To solve the equation \(5y^3 - 34y^2 - 7y = 0\), we first factor out the common term \(y\), giving us \(y(5y^2 - 34y - 7) = 0\). This implies that one solution is \(y = 0\). For the quadratic equation \(5y^2 - 34y - 7 = 0\), we can use the quadratic formula \(y = \frac{-b \pm \sqrt{b^2 - 4ac}}{2a}\) to find the other solutions, where \(a = 5\), \(b = -34\), and \(c = -7\).

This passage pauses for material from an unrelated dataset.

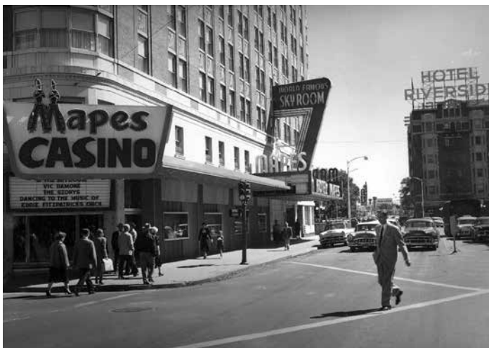
Here you can see the sign with its iconic Mapes cowboys forming the “M” on the Mapes Casino sign. Looking south on Virginia Street, you can see the Mapes’ competitor, the Riverside Hotel.

On October 25, 1945, the NSJ featured a photo captioned “Old Post Office is Doomed.” On December 21st of that year, a headline read “Pillars Crash to Ground as Crowds Watch;” a smaller but no less noteworthy preface to what would occur a little over 55 years later on that same spot. Locals’ fascination with demolition was apparently just as intense then as today. An amusing tongue-in-cheek bit of writing announced: A large delegation of the Sidewalk Watchers Association was present for the final smash—and a goodly number of the crowd had the additional pleasure of being powdered with brick and plaster dust as the last bit of the structure came thundering down.

We start with the equation
\[
5y^3 - 34y^2 - 7y = 0.
\]
Factoring out the common term \(y\), we have
\[
y(5y^2 - 34y - 7) = 0.
\]
This gives us one solution:
\[
y = 0.
\]
Next, we need to solve the quadratic equation
\[
5y^2 - 34y - 7 = 0.
\]
Using the quadratic formula
\[
y = \frac{-b \pm \sqrt{b^2 - 4ac}}{2a},
\]
where \(a = 5\), \(b = -34\), and \(c = -7\), we first calculate the discriminant:
\[
b^2 - 4ac = (-34)^2 - 4 \cdot 5 \cdot (-7) = 1156 + 140 = 1296.
\]
Taking the square root of the discriminant, we find
\[
\sqrt{1296} = 36.
\]
Now we can find the two solutions:
\[
y_1 = \frac{34 + 36}{10} = \frac{70}{10} = 7,
\]
\[
y_2 = \frac{34 - 36}{10} = \frac{-2}{10} = -0.2.
\]
The complete set of solutions to the original equation is:
\[
y = 0, \quad y = 7, \quad y = -0.2.
\]
The solutions are
\[
\boxed{0, 7, -0.2}.
\]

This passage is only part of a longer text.